Я промолчал. Рауль хрипло рассмеялся. Неужели у меня действительно влюбленный вид? Ну ладно, допустим, пару разя улыбнулся ей, и что с того? И, желая упредить сплетни, я ответил:

— Если хотите знать, у нее глаза точь-в-точь как у моей сестренки.

И опять на меня набросились видения прошлого — покрытый испариной лоб Жюльетты, испуганные глаза, и я в бешенстве на…

Послушайте мою историю. Мой дар трагически связан с судьбой сестры. Не помню уж, кто сказал: не случайности, а личный опыт, переходящий в поступки, и составляет судьбу. Именно так обстояло дело в нашем с Жюльеттой случае.

Мой дар. Когда я заговорил с сестрой, пристально глядя в глаза, это успокоило ее — и она умерла с улыбкой на устах.

* * *

— Честно говоря, мадам, мы боялись, что я загипнотизирую вас на всю оставшуюся жизнь. Месье Эскироль задал мне знатную трепку. Но аппетит, с которым вы поглотали фасолевый суп, к счастью, развеивает его опасения, не правда ли?

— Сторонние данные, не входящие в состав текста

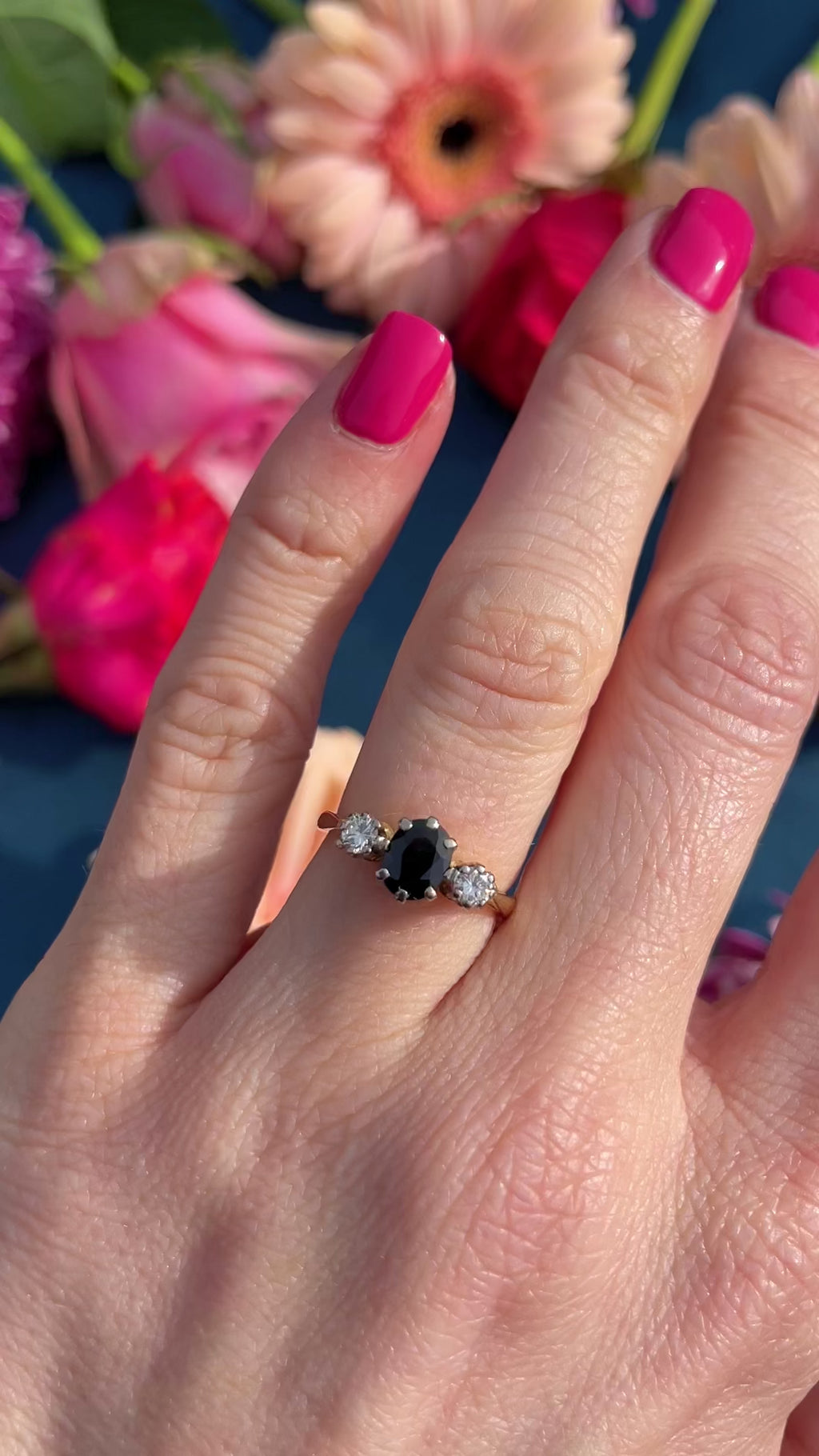 Classic and beautifully balanced, this 1980s vintage three-stone engagement ring centres on a beautiful oval-cut natural sapphire weighing approximately 0.92 carats. The sapphire displays deep, inky-blue tones with subtle flashes of royal blue as it catches the light, giving the ring wonderful depth and presence.
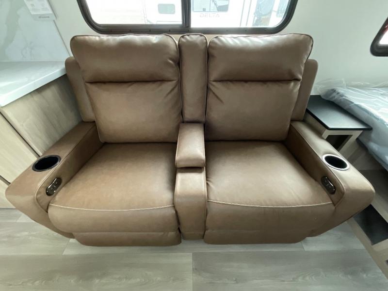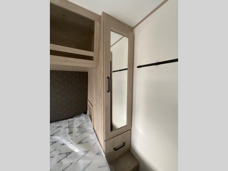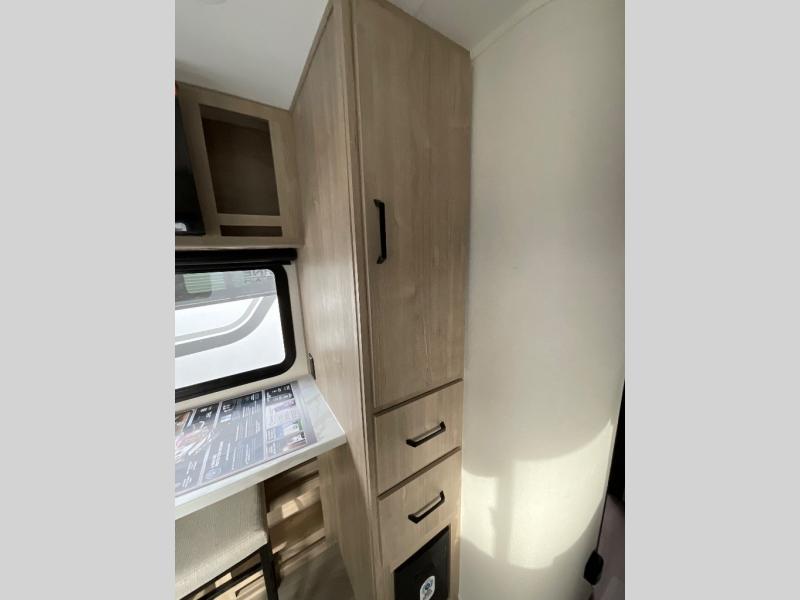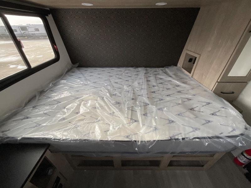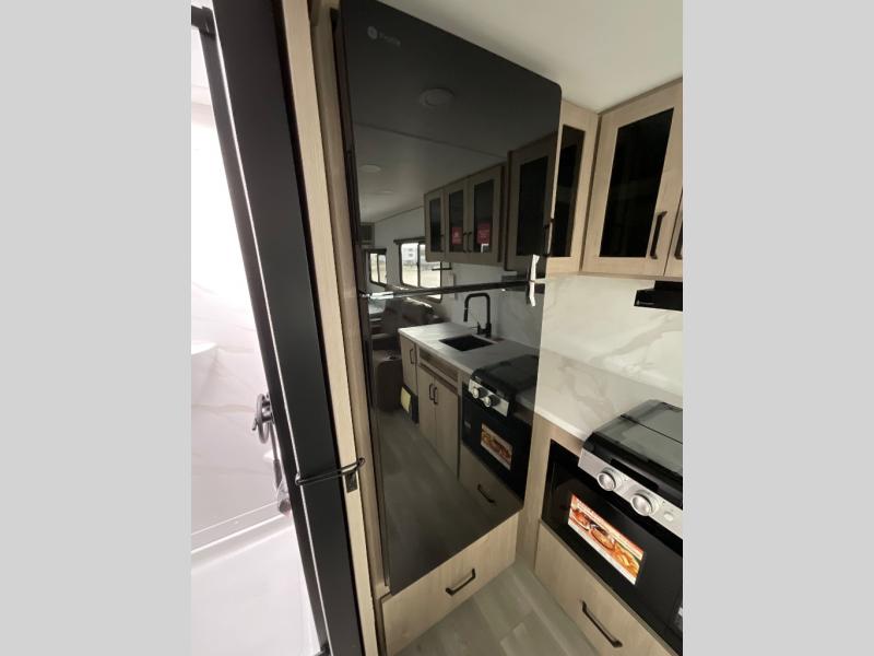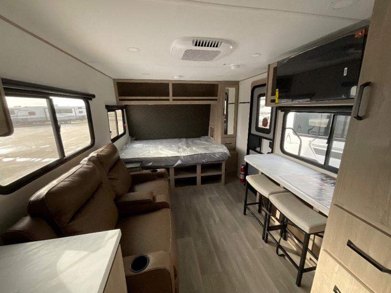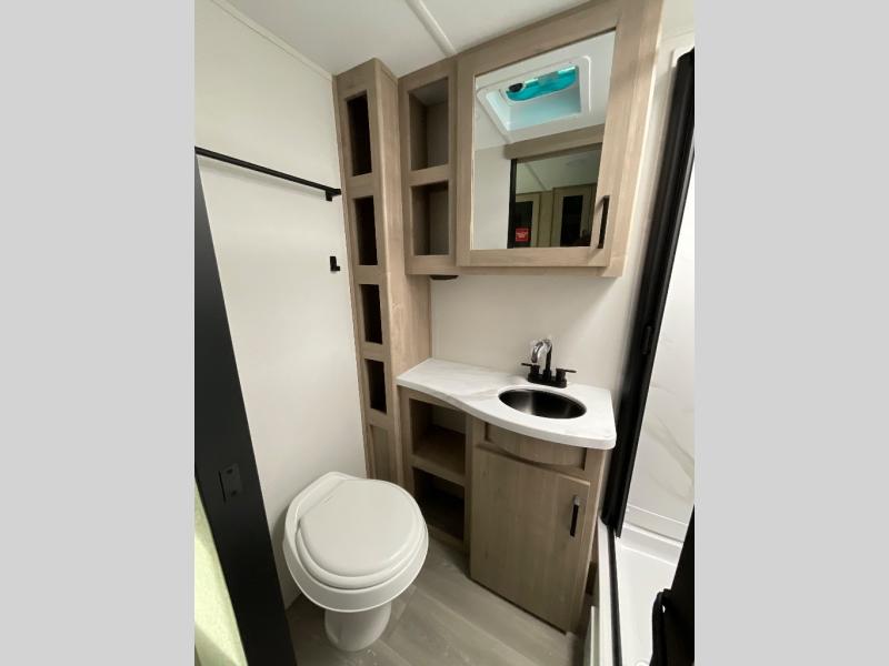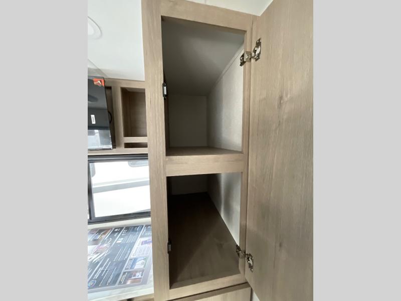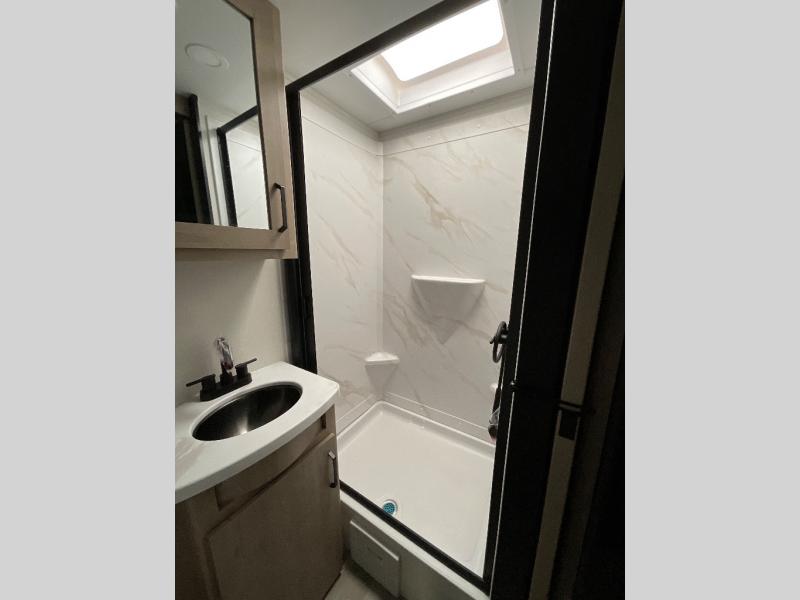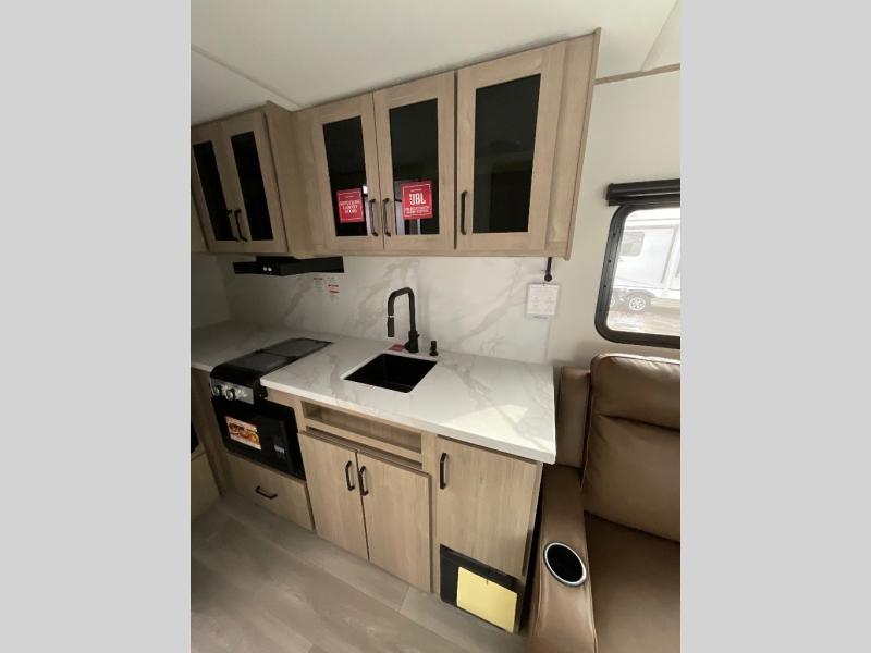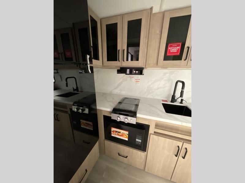 Pack your bags and head out on a fun camping trip in this travel trailer! The front queen bed offers a comfortable place to sleep at after taking off your footwear and place them in the shoe storage. You can make meals on the cooktop or in the convection microwave. The full rear corner bathroom has a walk-in shower with an oversized vanity to easily get ready each day. Outside, you'll find a spray port, an unobstructed pass-thru storage, and an interior/exterior table to use at your convenience.

Взглянув на меня, Мари Боне согласно кивнула. Она занимала комнату, окна которой выходили на огород. Под надзором требовательных, грубоватых крестьянок там выращивались овощи, частично покрывавшие потребности лечебницы. Мне запомнились две женщины, которые пропалывали сорняки и поливали грядки. В их позах, жестикуляции было заметно беспокойство, а по скованным движениям головы чувствовалось, что накануне они перенесли холодный душ. Я вскипел от возмущения. «Знахари, скудоумные шарлатаны», — невольно пробормотал я, ибо считал подобные процедуры погоней за эффектом. Средством воздействия, грубая сила которого разрушала физическую конституцию больного. Пациента усаживали в деревянное кресло, цепями приковывали к нему, а из резервуара сверху на него обрушивался ледяной водопад.

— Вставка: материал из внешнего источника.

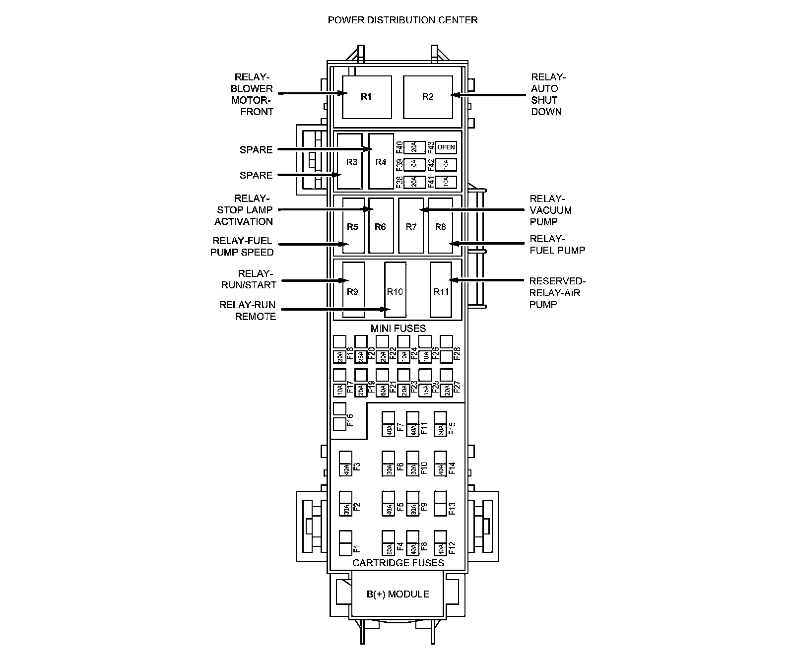 Auto Shut Down Relay is located in the Power Distribution Center (PDC).
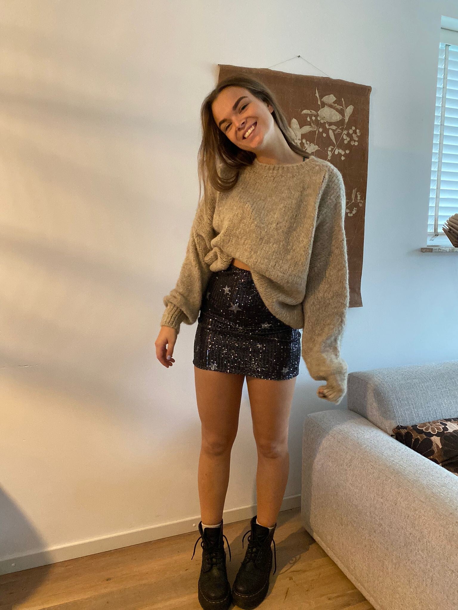 Elastiek in de taille en de rok is gevoerd..prikt niet
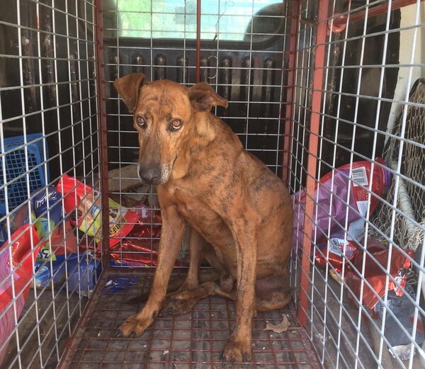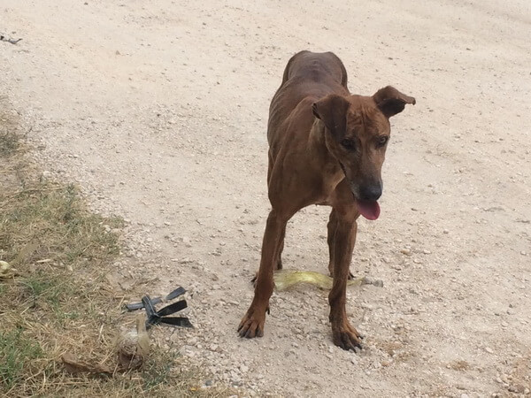 Als die Mitarbeiter vor Ort ankamen, sahen sie den Hund nicht, aber die Fessel und das Klebeband, an denen Blut klebte. Irgendwie konnte der Hund sich befreien. Dann entdeckten sie den Vierbeiner, er war verständlicherweise misstrauisch und verstört und liess sich nicht einfangen.

Мадам Боне доела суп из фасоли. Отложив ложку, аккуратно вытерла рот и запила еду глотком вина. Я снова уставился в окно.

Две монголоидного вида девушки дергали из грядок морковь. В нескольких шагах от них у навозной кучи выстроились три страдающие кретинизмом и наперегонки мочились; покончив с процедурой, они, стащив с головы колпаки, подтерлись ими, после чего долго внюхивались в ткань.

— Вы тоже меченый, — заключила мадам Боне, вытирая кусочком хлеба миску. Она напомнила мне голодную служанку. — Бог неспроста нас свел, но это не то, о чем вы можете подумать. Я имею в виду, нам есть чему поучиться друг у друга.